Karma: For individuals, karma is calculated by subtracting the number of downvotes they’ve received on submissions and comments from the total number of upvotes they’ve received. While the Hacker News algorithm doesn’t explicitly weight a submitter’s karma when ranking their submissions, it’s an important part of the equation because a submitter's username is just as visible as the title of their submission. For all its influence, the Hacker News community is small, and users want to upvote peers with established reputations.
Source: Beyond the submitter’s reputation, the source of a submission also plays a part. Like Reddit, the URL that a submission comes from is displayed adjacent to its headline.
Timing: As on every other social platform, timing is key. According to Hacker News, the basic algorithm for ranking submissions to the site “divides points by a power of the time since a story was submitted.” That means the performance of a submission immediately after it’s shared is critical to its success. The difference between a submission going viral and going unnoticed could be the number of users online to upvote it right after it’s submitted.
How do you hack it?
The project in Learn SQL from Scratch uses a real dataset to investigate the impacts of karma, source, timing, and other factors on a submission’s success. With the dataset and a few SQL queries, participants uncover the qualities that successful past submissions have had in common.
The dataset is made up of a sample of 4,000 submissions to Hacker News dating back to its launch in 2007. Each row in the table carries data on the title of the submission, the user who submitted it, the score it received, the time it was submitted, and its URL.
This is enough to start figuring out what works on Hacker News.
The first step is determining the importance of being a power user. The goal of this part of the exercise is to determine whether or not a small percentage of Hacker News submitters account for the majority of the karma accumulated on the site. The verdict: just four power users accounted for 22% of the total karma in the dataset.
The next step is using
CASE statements to determine which websites feed Hacker News the most. These queries reveal that Github, the New York Times, and Medium are the sources the Hacker News community trusts the most.

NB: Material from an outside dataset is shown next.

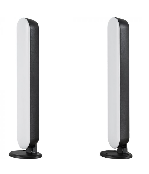 Twee super gave tafellampen met RGB-kleuren die ook wel de 'gamerslamp' wordt genoemd. Met de meegeleverde afstandsbediening kunnen de kleuren worden ingesteld maar ook andere functies worden gebruikt zoals een dynamische lichtbesturing, sound control, dimmen, geheugenfunctie etc. Ook is er een USB-aansluiting aanwezig. De lampen bestaan uit een set van twee, wat heel mooi geplaatst kan worden naast een PC-scherm of een TV. De lampen zijn gemaakt van kunststof in een zwarte kleur. De twee ingebouwde SMD-LED lampen hebben een wattage van 2x 2,5W.

After determining the best sites to submit from, participants determine the best time to post on Hacker News.
Whether you’re a Hacker News devotee or not, you probably know that social media success is all about timing. The Sunday afternoon Instagram dump is a time-honored tradition at this point.
This is the portion of the project that Sonny Li, one of the curriculum developers who designed the project, is most excited about:
“I am always posting shenanigans and chasing karma on Hacker News and Reddit. This project was super fun to build because I wanted to see whether or not timing is a contributing factor behind HN stories that make it to the front page.”
The project’s final query produces a table listing every hour of the day and the corresponding average score of posts shared within that time frame.
So when is the best time to post something on Hacker News? It seems the community is most active on the bookends of the work day on the East Coast—articles shared around 7am EST, and then between 6 and 8 pm, have the highest average scores.
- The best times to post on Hacker News are in the morning around 7 am EST and in the evening between 6 and 8 pm
- Github, the New York Times, and Medium are the sources most trusted by the Hacker News community
- Four power users accounted for 22% of the total scores in the sample dataset, so having an established reputation pays off
Learn SQL from Scratch also features projects that utilize real datasets from the Metropolitan Museum of Art, IMDB, and various New York City restaurants, as well as a project created in collaboration with the team at Warby Parker.